Personal information
- Full name: Philip Kane Quinton
- Date of birth: November 16, 1999 (age 26)
- Place of birth: Columbus, Ohio, United States
- Height: 1.96 m (6 ft 5 in)
- Position: Defender

Team information
- Current team: Real Salt Lake
- Number: 26

Youth career
- 0000–2018: FC Portland

College career
- Years: Team / Apps / (Gls)
- 2018–2021: Notre Dame Fighting Irish / 58 / (2)

Senior career*
- Years: Team / Apps / (Gls)
- 2021: Portland Timbers U23s / 1 / (0)
- 2022–2024: Columbus Crew 2 / 28 / (0)
- 2023–2024: Columbus Crew / 13 / (1)
- 2024–: Real Salt Lake / 39 / (1)
- 2025: → Real Monarchs / 1 / (0)

= Philip Quinton =

American soccer player (born 1999)

Philip Kane Quinton (born November 16, 1999) is an American professional soccer player who plays as a defender for Real Salt Lake in Major League Soccer.

== Early years ==
=== Youth ===
Born in Columbus, Ohio, Quinton grew up in Portland, Oregon, attending Grant High School. At high school, Quinton was team captain of the team along with co-captain, Eli Roberts as they went on to be state semifinalists, earning First-Team All-Conference and Second-Team All-State accolades in his senior year, as well been named a letterwinner.

Whilst at high school, Quinton also played club soccer at the FC Portland academy, helping the club to be State Cup champions in 2013, State Cup finalists in 2012 and 2014 and State Cup semifinalists in both 2016 and 2017.

=== College ===

In 2018, Quinton committed to playing college soccer at the University of Notre Dame, choosing Notre Dame over Dartmouth College. In four seasons with the Fighting Irish, Quinton made 58 appearances, scoring two goals and adding two assists.

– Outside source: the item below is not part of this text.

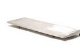
10"X30" HOT PLATE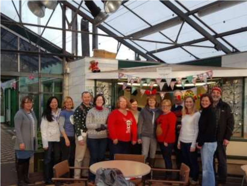
Friends of Saughton Park in festive mood!

The FoSP AGM held in November was very well attended and as usual this was a great mix of the fun and the formal. The existing committee was unanimously re-elected and one new committee member was welcomed to the team. The year ahead was planned and everyone was very excited about the restoration works starting in the summer.

During his college career, he was a four-time ACC Honor Roll, CoSIDA Second Team Academic All-American, 2021 ACC All-Tournament Team, and 2021 All-ACC Third Team. While at college, Quinton made a single appearance for Portland Timbers U23s during their 2021 season in the USL League Two.

== Club career ==

On January 11, 2022, Quinton was selected 25th overall in the 2022 MLS SuperDraft by Columbus Crew, who traded $50,000 of General Allocation Money to acquire the pick from Real Salt Lake.

On March 17, 2022, Quinton signed a professional deal with MLS Next Pro side Columbus Crew 2 ahead of their inaugural season.

On April 19, 2022, Quinton signed a short-team deal with Columbus' Major League Soccer team ahead of their Lamar Hunt U.S. Open Cup fixture against Detroit City, where he appeared on the bench. Following the 2022 season, he was released by Columbus. However, in February 2023, Quinton re-signed with Columbus Crew on an MLS contract. Quinton scored his first professional goal on March 25, 2023, in a 6–1 victory versus Atlanta United.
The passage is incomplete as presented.